During the first debate of the European industry and representatives of EU institutions since the publication of the “Fit for 55” package, PGE appealed to co-legislators for a more ambitious increase in the Modernisation Fund and continued support in the transitional period for gas investments that will facilitate the phase-out of coal in line with the technological neutrality principle.

Last Wednesday, the Commission presented a package of 15 legislative proposals intended to facilitate reaching the European Union’s enhanced climate objectives by 2030 and climate neutrality by 2050. A reform of the EU ETS is the most robust element of these changes. The event was hosted by Brussels-based thinktank ERCST and attended by European Commission officials responsible for the EU emission allowances market and directly involved in preparing the proposed ETS reform, along with representatives of the European business. The meeting was attended by over 400 people.

Wanda Buk, PGE’s Vice-President for Regulatory Affairs, argued that in order to reach the EU’s new climate targets investments across all branches of the economy are needed and that someone has to pay for them. These additional costs to households can be alleviated solely through an appropriate increase of the Modernisation Fund. “In still coal-dependent countries undergoing a green transition, such as Poland, ensuring a just transition in the EU ETS requires a higher Modernisation Fund that enables moving away from coal in a reliable and predictable way in line with technology-neutral principle” – said Wanda Buk.

PGE is concerned with the fact that the Commission’s new proposal does not sufficiently address a reduction in the volatility of carbon prices and a decrease in the volume of allowances within the EU ETS that are traded not to cover actual emissions but to generate economic profits. A lack of concrete safeguards leaves the system open to potential speculations and will be a key driver of higher prices for allowances, even though today’s they are already above levels that result in fuel-switch activities being undertaken in the area of technologies reducing greenhouse gas emissions.

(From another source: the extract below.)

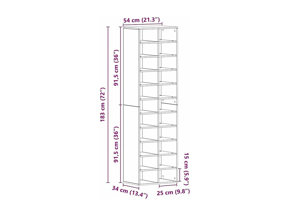 Armoire à chaussures vieux bois 54x34x183 bois ingénierie

In the course of the discussion, the vice-president of PGE asked whether the European Commission is still not noticing the issue of market speculations in light of the prices for emission allowances continuously exceeding 50 euros per tonne. She also pointed to the fact that the one-off supply reduction by even 119 million allowances proposed by the European Commission means that the volume of allowances directed to auctions will radically fall from year to year in a situation when there are no effective mechanisms protecting against sudden price increases. In light of all planned instruments intended to drastically reduce the number of allowances on the market, i.e. a higher linear reduction factor, stricter market stability reserve rules and a one-off reduction in the number of allowances, the Modernisation Fund increase proposed by the Commission is highly insufficient. Especially given the expanded number of the Fund’s potential beneficiaries that includes new sectors to be covered by the EU ETS.

The draft changes to the Modernisation Fund are particularly disconcerting in the context of the proposal to exclude the possibility of financing gas-fired units. “By removing the possibility to finance gas investments, the Commission shows that it has no recognition for different starting points. Investments in natural gas-fired high-efficiency cogeneration plants remain the only solution to progressively withdraw coal-fuelled units in district heating systems, improve air quality and prevent deepening the energy poverty” – said Wanda Buk.